Some books are fine but somewhat heavy to read, while others are easy but shallow and unsatisfying. Usually, we are searching for stories that are at the same time compelling, substantial and easy-flowing, in terms of pace and writing. For me, these are the perfect books, for fiction is meant to be pleasant, and people tend to go back to those things they remember fondly. This novel reaches all these marks for me, and I cannot say much, for fear of not saying enough. You would think it would be a tragedy at the end, since those simple Scottish priests didn't seem to figure out entirely how the world was truly changing around them, and everything seems to be even more degenerate in our days. But there's no tragedy. It didn't matter if they committed mistakes. It didn't matter if modern people didn't understand them, or vice versa, because God's grace is what matters above all, and it doesn't measure people by their merits, vices, or ideologies. What I took is that grace can triumph over the modern world, and over the past, and the future, and everything else to come until the end times. Till there, our duties will lie where they always are: obey the Church, practice the Gospel, be kind and charitable to all, and "Christus nihil praeponere".

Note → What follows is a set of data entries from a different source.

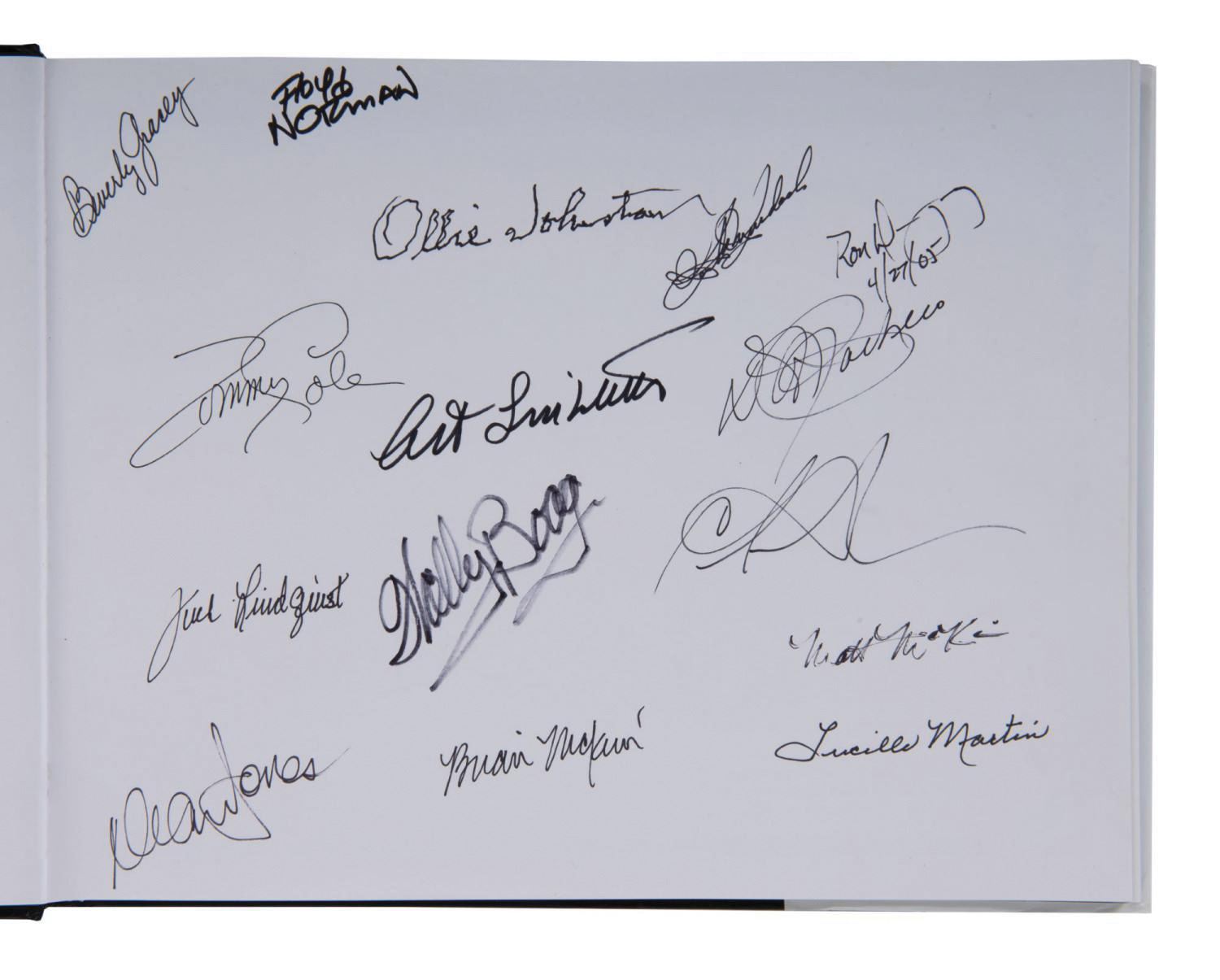 (Disneyland, 2005) A signed copy of "Homecoming Destination Disneyland" by Carlene Thie. The book tells the story of Disneyland through powerful black and white photography of the Park's construction, as documented by photographer Mel Kilpatrick. This First Edition copy is signed by 15 Disneyland Cast Members and Imagineers who made contributions toward the publication's production, including Wally Boag, Jack Lindquist, Ollie Johnston, Tommy Cole, and many more. Measuring 11.5"x8.75", the book and dust jacket are in very good condition, with few scuffs, and very minor wear to corners and edges.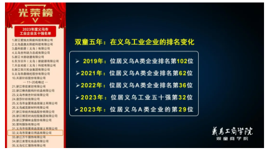 2023年,平台整體增長35.24%;平台稅收增長(zhǎng)23.30%,成功登(dēng)榜“義烏工業企業五十(shí)強第29名”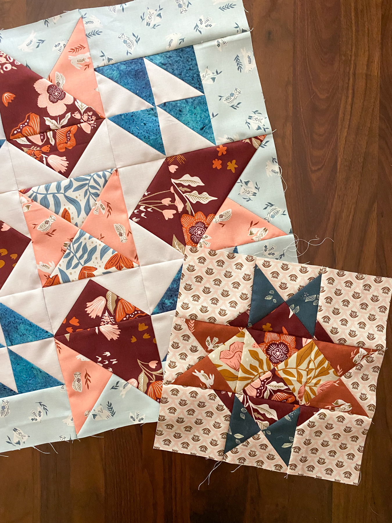 This block came together beautifully using quarter-square triangle units and a few stitch-and-flip units. Sherri shared a video where she made it using all the same fabric for the star points (fabrics B and D). I followed the original pattern and used two different fabrics for the star points—blue and brown—from Folk & Lore by Fancy That Design House.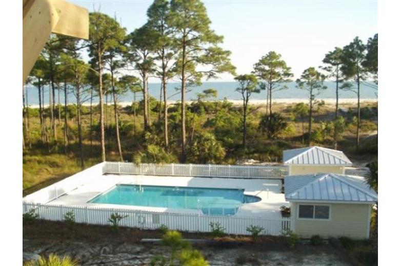 "Gloriline" at Crescent Palms Beach is absolutely one of the premier homes on Cape San Blas. This truly unique custom built home is a treasure to our forgotten coast. Set back among the Pines for privacy, Gulf-front screened porches overlook the pool area and three other homes on the three acre site. Watch dolphins and the sunset from the private beach access or strolling on the wide beach just below. Most holidays bring no more than 40 or 50 people to the six mile stretch of beach, which is wonderful for shelling.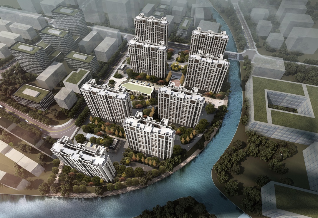 在蜿蜒的贝港河畔与南横泾交汇处,15-02地块农民相对集中居住项目贝联珠贯,矗立于此,洁白的墙面在阳光的照耀下熠熠生辉。
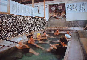 左のような浴槽が2つあって隣にダルマストーブのある3畳ほどの暖房室があります。皮膚病やリューマチ、胃腸病などに効能があるそうですが、 yosiもがんばって入りました!最初に首までつかるのは夏で登山直後でも気合が必要でした。たしかにしばらく我慢すると結構入れますが10分くらいでしたね〜。外に出ても震えが来ていました。左の写真の左上に「歌」が書いてあるんですが、笑えました。メモしとけば良かったです。
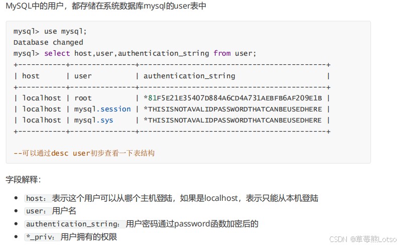-- 切换到mysql系统库 use mysql; -- 查询核心用户信息 select host, user, authentication_string from user;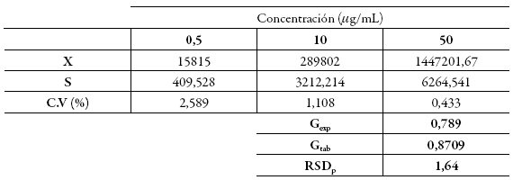 Para evaluar la precisión intradía, se tomaron muestras preparadas por triplicado a tres niveles de concentración (0,5, 10 y 50 µg/mL), y se empleó el test Cochran. Tal como se evidencia en las tablas 4 y 5, para cada uno de los casos se observó un valor de Gexp menor al Gtab, lo cual indica que las varianzas no son estadísticamente diferentes entre sí; es decir, las varianzas de las concentraciones son homogéneas e indican que el factor concentración no influye en la dispersión de los resultados 19.
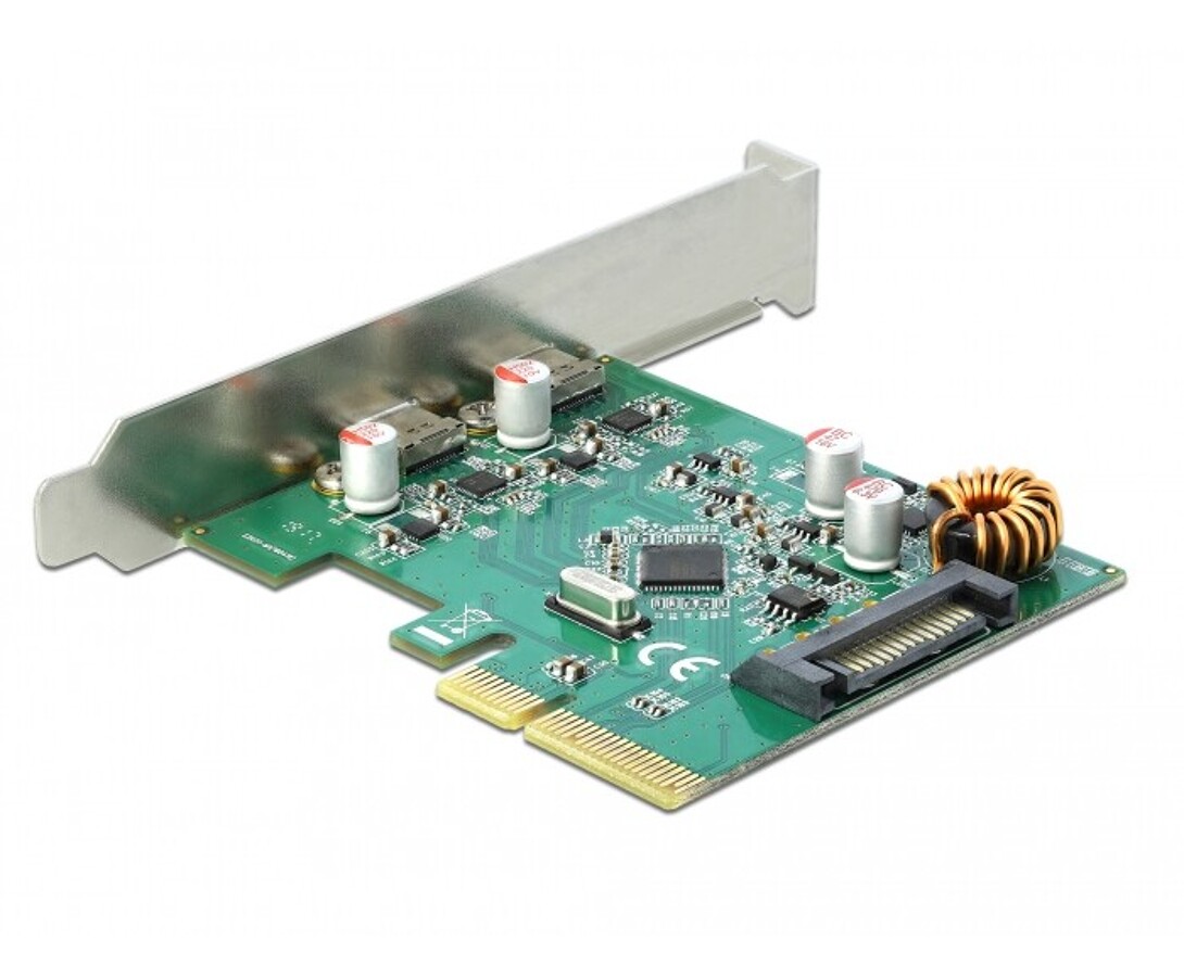 Karta PCI Express marki Delock rozszerza komputer o dwa szybkie porty USB 3.1, z czego jeden przeznaczony jest do użytku zewnętrznego, a drugi do montażu wewnętrznego. Dzięki chipsetowi Asmedia ASM1142 oferuje prędkość transmisji do 10 Gbps oraz zasilanie z PCI Express lub złącza 4-pinowego, zapewniając niezawodną obsługę nowoczesnych urządzeń USB.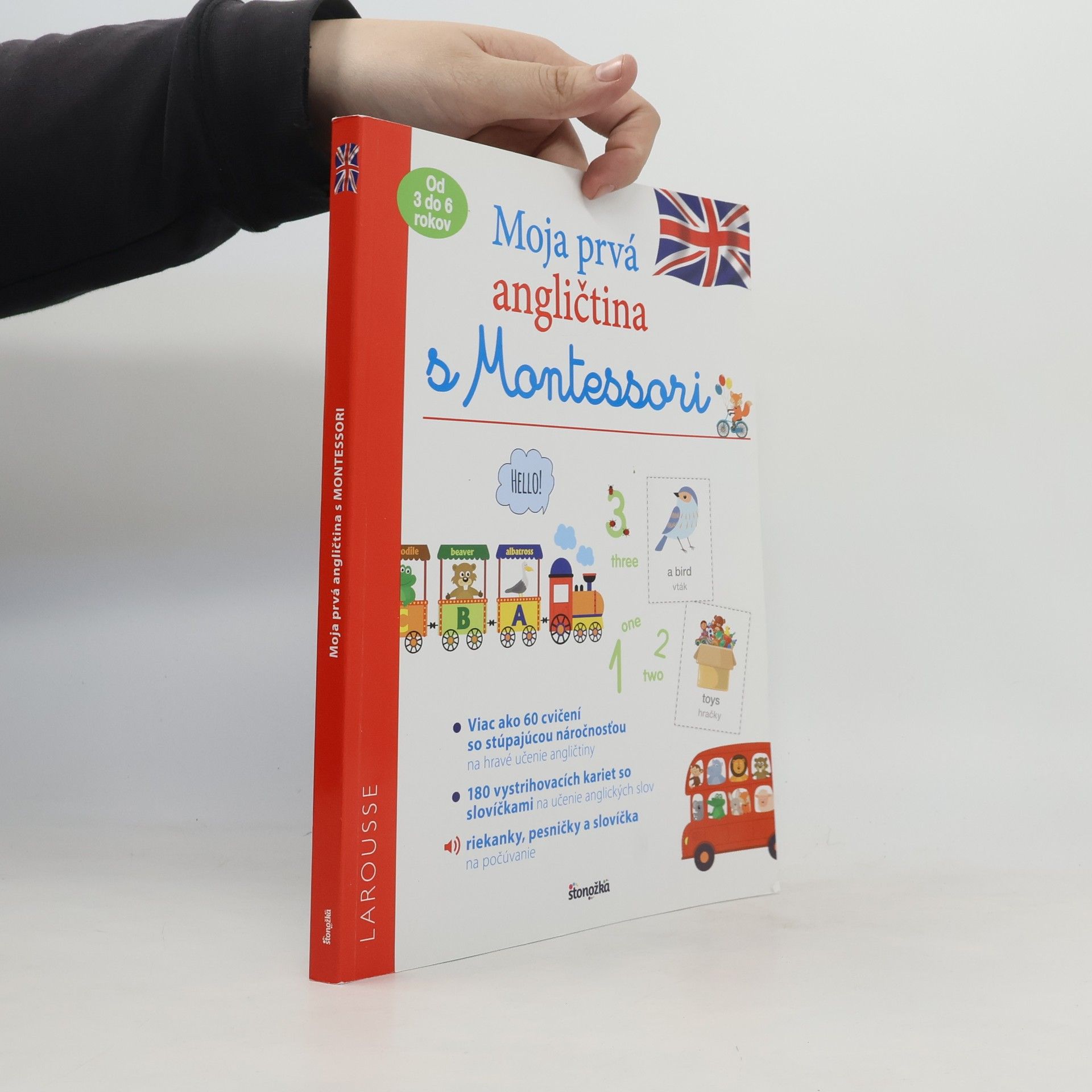 Vitajte v našom programe Montessori, ktorý ponúka viac ako 60 rôznych cvičení so zvyšujúcou sa náročnosťou. Vďaka nim objavia deti od 3 do 6 rokov základnú slovnú zásobu anglického jazyka. Na uľahčenie prvých dotykov s angličtinou náš program využíva karty so slovíčkami •Na konci zošita nájdete kartičky, ktoré si môžete vystrihnúť a uschovať. Ponúkame vám 20 strán s 9 kartičkami na témy: rodina, oblečenie, telo, jedlo, atď. Každá z nich má na jednej strane obrázok a na druhej anglické slovíčko a jeho slovenský preklad. •Tieto kartičky budete používať pri práci na našich obrázkových stranách. Dieťa sa bude učiť slovíčka metódou troch krokov: ,,Listen and touch“ (vďaka nahrávkam, ktoré si môžete stiahnuť na www.editions-larousse.fr), ,,Touch and say“ a ,,What is it?“.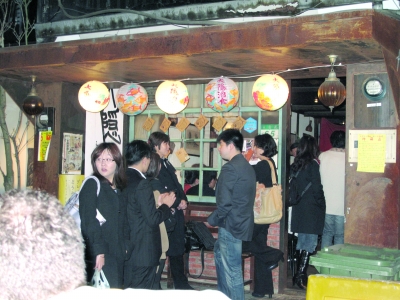 古话说:小隐隐于野,大隐隐于市。大隐酒食可谓闹中取静,颇具情趣。它是一家日本风格的小餐馆,以古拙怀旧的情调为特色,化妆间用的竟是传统的木头门栓。尽管只能容纳二三十人,坐着实在逼仄,甚至在店中穿行都要互相避让,但因为菜有特色而吸引了不少慕名而来的人。屋里没座位,食客宁愿在外面排队等座也不去旁边正在招徕客人的餐馆。正应了那句俗话:酒香不怕巷子深。它有一种特色菜——老萝卜炖汤,老板称是20年的萝卜做成的。开始我以为听错了,心想哪有这么老的萝卜,特意去请教老板,他说的确是20年的老萝卜,将萝卜晾晒后用陶瓮储藏起来备用,他还指着储藏萝卜的陶瓮给我看。我们始信这一小店确实不是浪得虚名,确有其经营的绝招,国人脍不厌精,食不厌细于此略见一斑。因为此汤难得,大家不免又多喝了几口。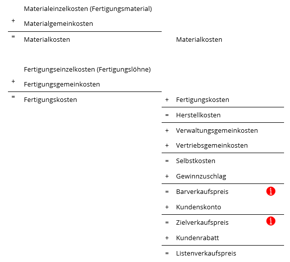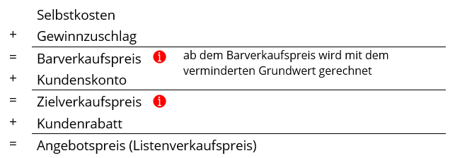 Um den Angebotspreis, auch Listenverkaufspreis, zu ermitteln, werden auf die Selbstkosten der Gewinnzuschlag sowie ggf. gewährte Kundenrabatte und Kundenskonti aufaddiert.

This is also the 75th book I've read this year, and I've never read that much fiction in a single year over my entire life. And this conquest still feels unfulfilling. Most of the things I've read left me cold. It's true you have to read the good and the bad and the "it exists" to develop taste, and you need taste if you want to be a critic or writer, or just a good reader; but I don't think I would recommend everything to everyone, since the best things worth our time are few, and the ones the common folk prefer to ignore. At the same time, you won't find gems if you don't mine through stones.
Maybe our prize is to find gems like this one and to be happy ourselves, even when others cannot understand it.